Database
How PayKit stores and syncs billing state locally.
PayKit uses your app's PostgreSQL database to store billing state. Entitlement checks are fast local queries, not provider API calls. No round-trips to Stripe on every check().
Configuration
Pass a pg.Pool instance or a connection string to createPayKit.
import { Pool } from "pg";
export const paykit = createPayKit({
database: new Pool({
connectionString: process.env.DATABASE_URL,
}),
// ...
});// Or pass a connection string directly
export const paykit = createPayKit({
database: process.env.DATABASE_URL,
// ...
});Tables
PayKit creates tables prefixed with paykit_. The key ones are:
| Table | What it stores |
|---|---|
paykit_customer | Customer records and provider ID mappings |
paykit_subscription | Active and past subscriptions |
paykit_entitlement | Current feature access and metered balances |
paykit_product | Products synced from your config |
paykit_feature | Features defined in your plan config |
paykit_invoice | Invoice records synced from the provider |
paykit_payment_method | Saved payment methods |
paykit_webhook_event | Processed webhook events for deduplication |
PayKit owns these tables. Don't write to them directly. Use the PayKit API.
Migrations
paykitjs push applies any pending migrations. Run it on initial setup and whenever you update your plan configuration.

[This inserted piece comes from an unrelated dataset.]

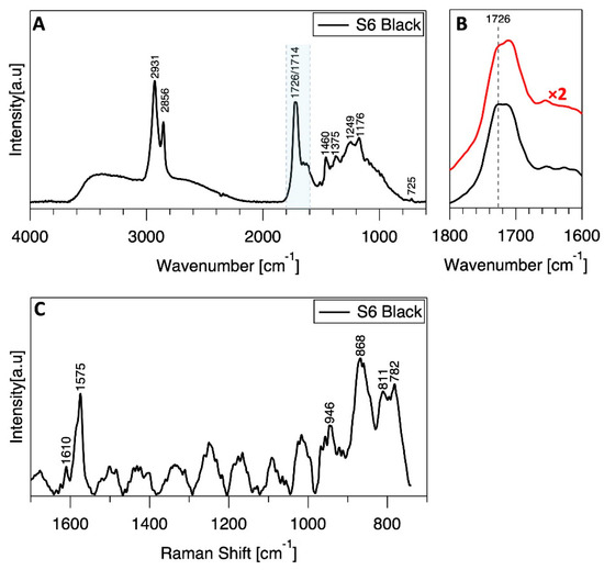 The FTIR analysis of sample S6 (Figure 13A), a visually black resin collected from the Tabletop (LS2447), shows only minor differences in the spectral signatures compared to the resin binder. In the carbonyl stretching region, the peak at 1726 cm−1 is more pronounced (Figure 13B), which may indicate the presence of an oil. Indeed, oils have also been identified in both colored and uncolored mopa mopa resins [7]. Other authors have suggested that oil slurries may have been used to facilitate the incorporation of colorants into the resin [40]. Additional weak features at 1627, 1614, and a shoulder at approximately 1480 cm−1 may be related to the use of indigo, which has been identified previously in blue- and black-colored resins in Colombian lacquerwares [7,22]. Raman analysis of the same sample confirms the identification of an indigotin-based colorant based on the presence of a characteristic Raman shift at 1576 cm−1 (Figure 13C) [22,36,41].

pnpm dlx paykitjs pushbunx paykitjs pushnpx paykitjs pushWhat's synced
PayKit keeps two sources of truth in sync:
From webhooks (provider to database): Subscriptions, invoices, payment methods, and customer-provider ID mappings are synced automatically when provider events arrive.
From your config (code to database): Plans, products, and features are synced from your createPayKit configuration when you run paykitjs push. Each time you change a plan and push, a new version is created. Previous versions are kept so running instances can continue serving existing subscriptions.